A very good friend of mine, A, has just spent a few nights with me before beginning her own adventure at Cambridge. I cannot explain how incredibly wonderful it is to be able to sit down with someone who really knows you, and just chat. After months of new friendships (no matter how great these friendships are), an old friend was a welcome relief. In a true test of friendship, A spent the better part of yesterday evening with me as we puzzled, sweated, and groaned our way through putting together a newly delivered piece of Ikea furniture. For anyone not familiar with Ikea, it is a wonderful shopping experience and buying any piece of furniture you can imagine is as simple as ticking a piece of paper – and pretty affordable too. However, the notion of “home-assembly” is slightly more difficult and was somewhat hindered by the fact that I don’t own a hammer. But we persevered and a few glasses of wine, a bowl of popcorn, and a chinese dinner takeaway later – a beautiful shelving unit now adorns my bedroom wall.
The beauty of friendship is that it extends through all periods of a person’s life.
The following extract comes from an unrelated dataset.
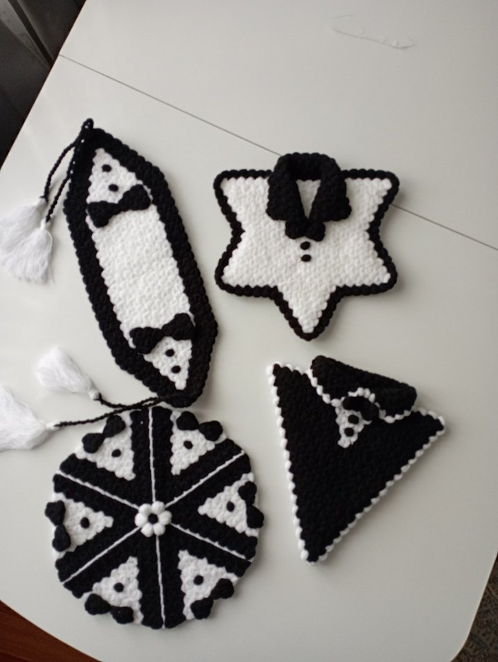 Siyah ve beyaz renklerde, çeşitli geometrik ve klasik desenlere sahip dört adet el yapımı örgü supladan oluşan set.

The school I work at is a fairly small school; only one class per year group from nursery to Year 6. Other than making it fairly easy to remember the names of most of the children; this means that as child, you are with the same children in a classroom every year for 7 years. This does both good and bad things to friendships – everyday I see the toils that 5 years together has already taken on my class, eight year olds can be cruel. But then there are these moments that completely astound me and remind me that all people have a degree of inherent goodness.
My class is a particularly challenging class. No form of punishment and no incentive for good behaviour seems to matter to them. We have tried everything. Earlier this week they were busy changing for PE (sports) which was withheld from them last week due to bad behaviour. This week we gave them a time limit to change, if a child wasn’t ready by the time the buzzer went off they would not be able to take place in the highly anticipated sports lesson, and would instead have to sit and watch the rest of the class enjoying themselves. Instead of the usual jibes towards each other, the class went about changing quickly and quietly before assuming their set positions on the carpet. One boy was struggling to change with the same speed as the rest of his classmates and soon the naughtiest boy in the class was sitting next to him, tying his shoelaces as he fussed with his t-shirt. At the next desk, one of the female students was helping another male student tie his shoelaces after he’d failed at being able to do them himself.
I wouldn’t dare make a comment about the gender of the children struggling to tie their shoelaces; but the small acts of kindness their classmates offered were enough to leave a smile on my face for the rest of the week. Friendships are challenging and beautiful things, and sometimes we forget how much we need them.